• _Problem_: Within the listing below, give again exactly the lines between the one containing "- Kamizelka ma" and the one containing "No Special Skills", inclusive, pictures left aside.

• _Data supplied_:

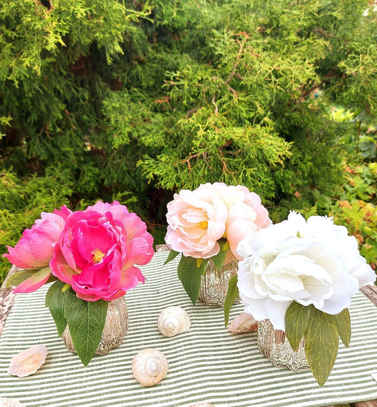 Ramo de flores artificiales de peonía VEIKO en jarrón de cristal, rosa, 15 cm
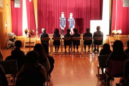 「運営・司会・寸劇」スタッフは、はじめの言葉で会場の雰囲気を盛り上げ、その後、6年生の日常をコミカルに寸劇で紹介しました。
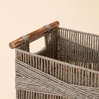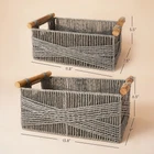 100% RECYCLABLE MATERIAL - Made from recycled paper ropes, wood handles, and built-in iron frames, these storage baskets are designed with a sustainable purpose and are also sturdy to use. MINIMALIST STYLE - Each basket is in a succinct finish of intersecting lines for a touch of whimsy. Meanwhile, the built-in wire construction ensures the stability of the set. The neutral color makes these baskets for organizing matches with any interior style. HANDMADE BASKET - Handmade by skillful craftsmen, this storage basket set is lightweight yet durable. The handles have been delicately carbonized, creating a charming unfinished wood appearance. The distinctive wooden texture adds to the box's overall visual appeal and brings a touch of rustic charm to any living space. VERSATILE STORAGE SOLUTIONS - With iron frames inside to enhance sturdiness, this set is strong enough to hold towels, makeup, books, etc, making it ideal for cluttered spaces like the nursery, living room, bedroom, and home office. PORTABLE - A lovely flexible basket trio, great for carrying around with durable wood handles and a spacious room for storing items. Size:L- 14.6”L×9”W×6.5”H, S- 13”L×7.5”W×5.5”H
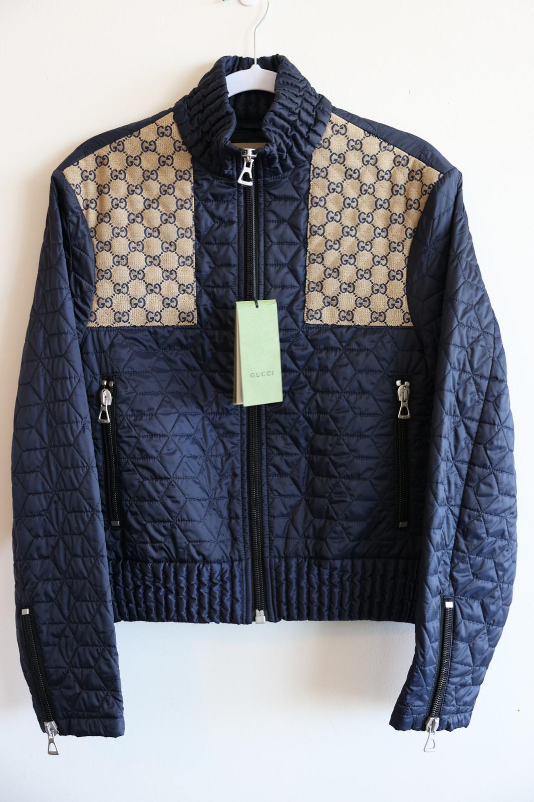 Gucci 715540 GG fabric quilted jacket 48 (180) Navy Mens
...
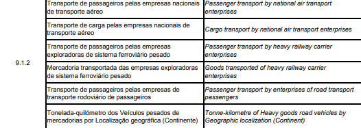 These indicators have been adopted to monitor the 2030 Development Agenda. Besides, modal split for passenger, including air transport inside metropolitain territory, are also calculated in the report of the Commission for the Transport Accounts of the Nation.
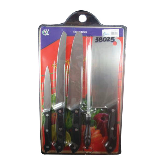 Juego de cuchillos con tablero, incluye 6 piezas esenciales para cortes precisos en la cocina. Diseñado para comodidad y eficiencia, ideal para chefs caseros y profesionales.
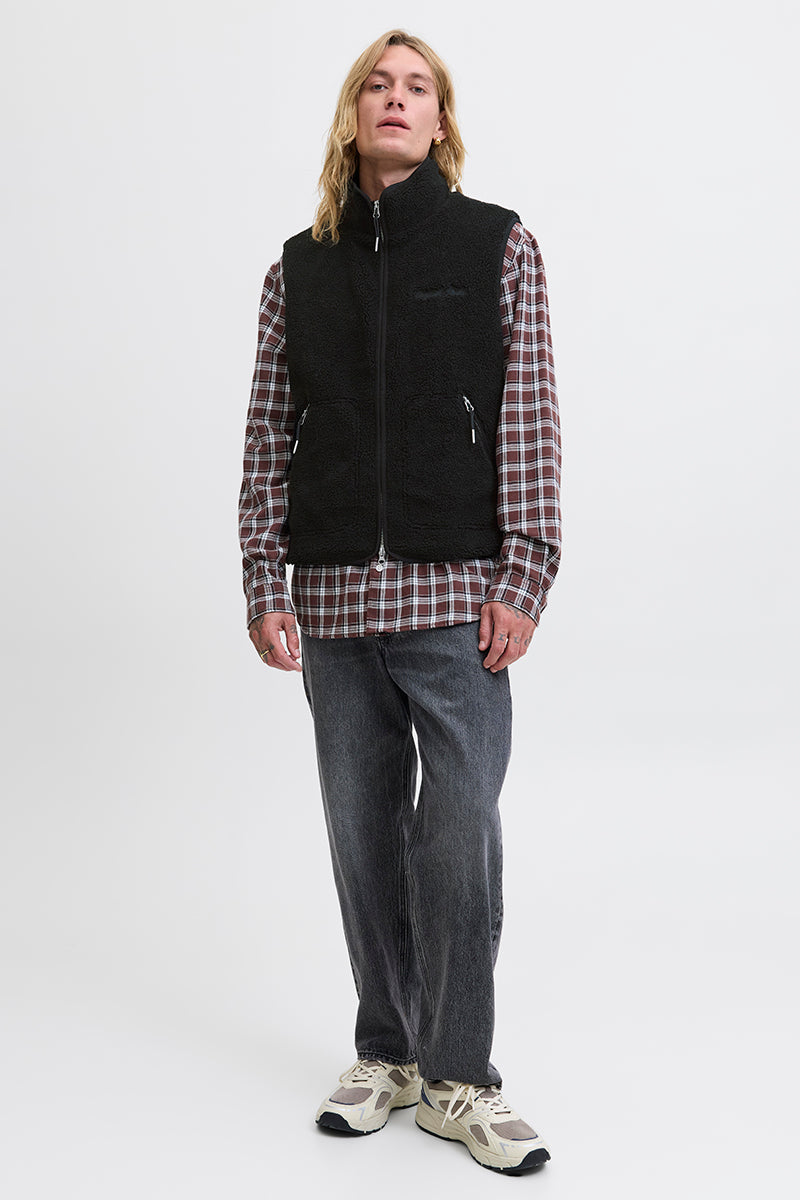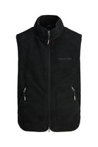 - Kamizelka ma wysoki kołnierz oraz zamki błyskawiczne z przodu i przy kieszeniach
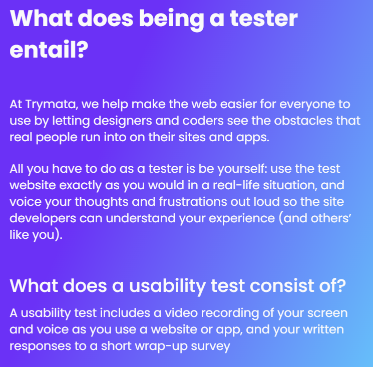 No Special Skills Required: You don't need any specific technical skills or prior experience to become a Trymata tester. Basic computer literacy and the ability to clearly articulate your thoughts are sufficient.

• _Result_:
 - Kamizelka ma wysoki kołnierz oraz zamki błyskawiczne z przodu i przy kieszeniach
 No Special Skills Required: You don't need any specific technical skills or prior experience to become a Trymata tester. Basic computer literacy and the ability to clearly articulate your thoughts are sufficient.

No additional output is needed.